Wednesday 31 October 2012

India lost war with China but won Arunachal’s heart







Writers and historians say India lost the 1962 Sino-Indian War to the invading Chinese People’s Liberation Army (PLA) in the erstwhile North Eastern Frontier Agency(Nefa), now Arunachal Pradesh. But, not many people are aware that despite the defeat, Indian nationalism in the form of Hindi won a long-drawn war of language crisis in the state.
“Hum Chini ke haath ladai to haar gaye, lekin Hindustan ke liye jung jeete the. (We lost the war in the hands of the Chinese, but we won it for India),” says 47-year-old Tsering Wange, adviser of Arunachal Pradesh Tour Operators Association, in Bomdila, which was the headquarters of Kameng sector during the war.


Born after the 1962 war, Wange, who’s a new generation entrepreneur, feels the war was in fact a blessing in disguise for the various Arunachali tribes who hardly understood each other before 1962.
With an area of 83,743 sq km and a population of 13.82 lakh as per the 2011 census, Arunachal Pradesh is inhabited by 26 major tribes and over 100 sub-tribes.
The war changed the course of India’s history and, eventually, Arunachal Pradesh was born. As on today, Indian nationalism runs high among the people of Arunachal in the entire trouble-torn northeast.

Before the war, Arunachal tribes would learn Assamese in order to be able to communicate with each other and to carry out trade with the people of the Brahmaputra valley. But as New Delhi troops were pumped into Nefa, the locals had to learn Hindi to interact with the soldiers of the Indian Army and the Border Road Task Force (BRTF) employees, who were mainly from the Hindi heartland, explains 63-year-old Dorjee Tsering, who runs a private school called Guru Padma Sambhava Memorial School, at Bomdila.

As the Army did not have porters during the war, they took the help of tribal villagers to carry food and ammunition. Soon, the tribals started picking up Hindi from them. The administrative officers and teachers who first landed in Nefa were also from Hindi-speaking states and this led to Arunachal residents adopting Hindi as their second language.

At present, Hindi has become the lingua-franca of several Arunachal tribes. The debates in the Arunachal Pradesh assembly take place in Hindi. Arunachal is the only state outside the country’s Hindi heartland to use the language in the assembly.
“We are proud that the people of Arunachal speak better Hindi than any other non-Hindi speaking state in the south, east or northeast. People from the state can communicate better than other northeast natives when they travel to Delhi, Mumbai and other northern states,” says Lhakpa Tsering, a border roads contractor from Dirang village.

The 39-year-old Lhakpa, a Monpa tribal, said the older generation of Arunachal natives, before the 1962 war, was better versed with Assamese.
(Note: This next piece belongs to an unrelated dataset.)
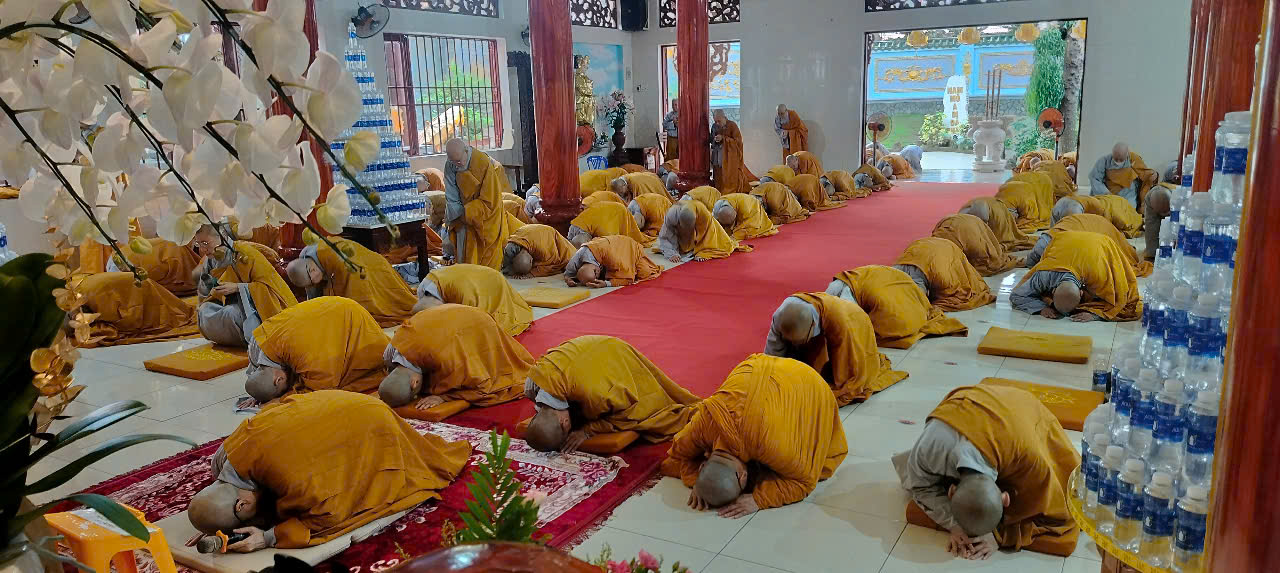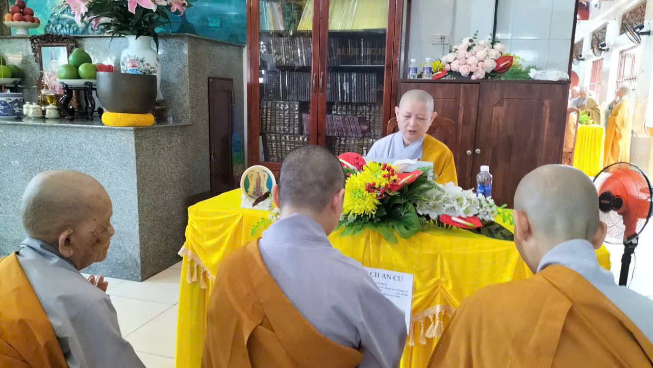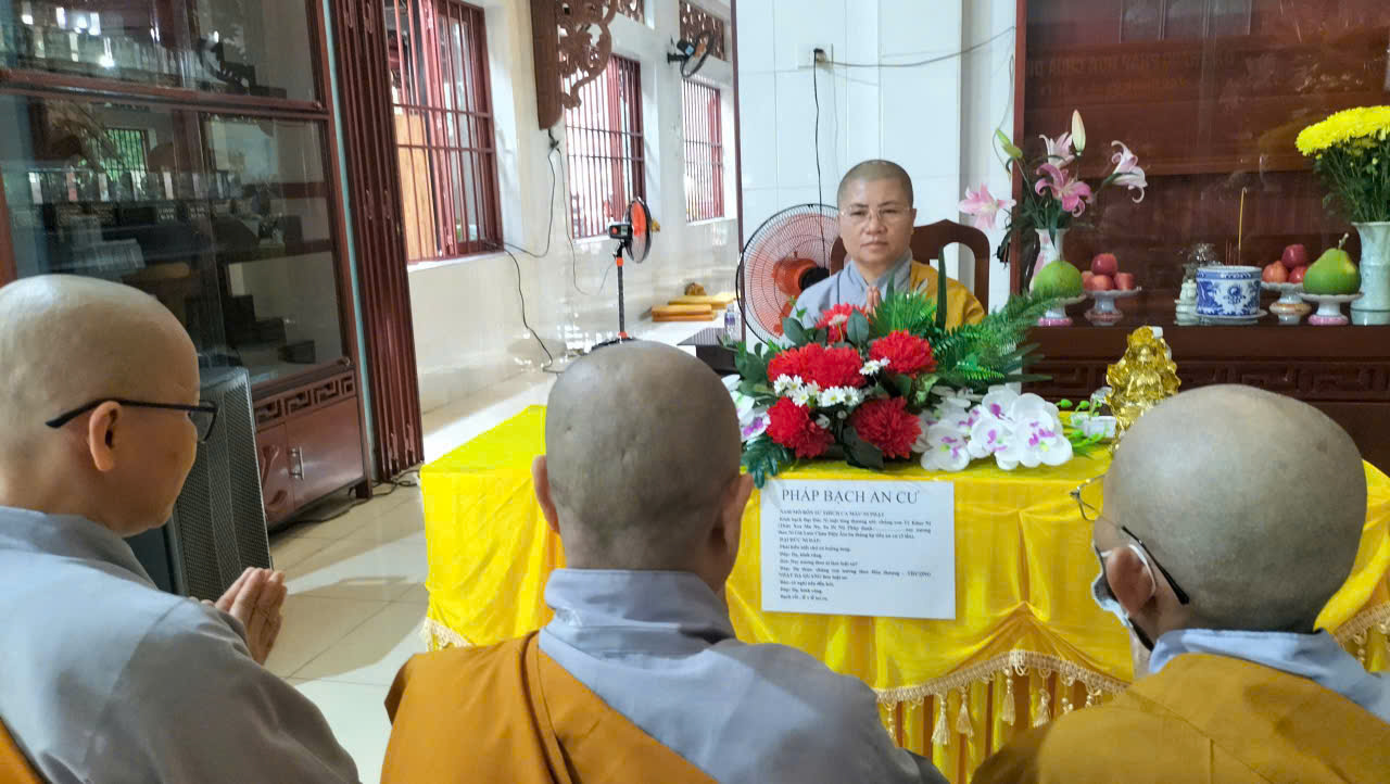 Sau nghi thức niêm hương bạch Phật tác pháp Yết Ma. NS Thích Nữ Tuệ Minh đại diện ban chức sự trường hạ Ni đối trước Đại Tăng thỉnh cầu giáo giới cho Ni chúng.

But the post-1962 generation prefers Hindi to Assamese. “I speak in Hindi when I interact with my friends from other Arunachal tribes,” he adds.
D K Thongdok, a former minister and author of the book ‘War on Buddha, a book on Chinese Aggression, 1962′, informs that the war led to the birth of Arunachal Pradesh in 1972, with the then Prime Minister Indira Gandhi making it a Union territory. Arunachal attained statehood later, in 1987, when Rajiv Gandhi was the Prime Minister.

“The war brought all the different tribes of Nefa together and the sufferings experienced by the civilians during the war led to resentment among people against Chinese. Indian nationalism ran high among the tribals, uniting them. People saw how the Indian jawans fought the war bravely, but got defeated. The villagers carried the dead soldiers for cremation on their backs,” elaborates Thongdok, who was then a 13-year-old boy.

According to Thongdok, Nefa was under the external affairs ministry and was almost like a buffer zone between China and India. The tribes inhabiting the Himalayan hilly tracts hardly knew each other’s languages and dialects. They only interacted with the Assamese people in the Brahmaputra plains.
“A common language was required for the tribes to speak to each other and it was Hindi which ultimately got that coveted place. In the state assembly, we conduct our debates in Hindi as English-educated MLAs are few in number and all of them know Hindi,” he added.

Thus, Hindi won the hearts of the Arunachal tribes after the war and instilled a spirit of Indian nationalism in the psyche of the people. The language became a binding force for the different tribes, concludes Thongdok, who belongs to Sertukpen tribe of Rupa village.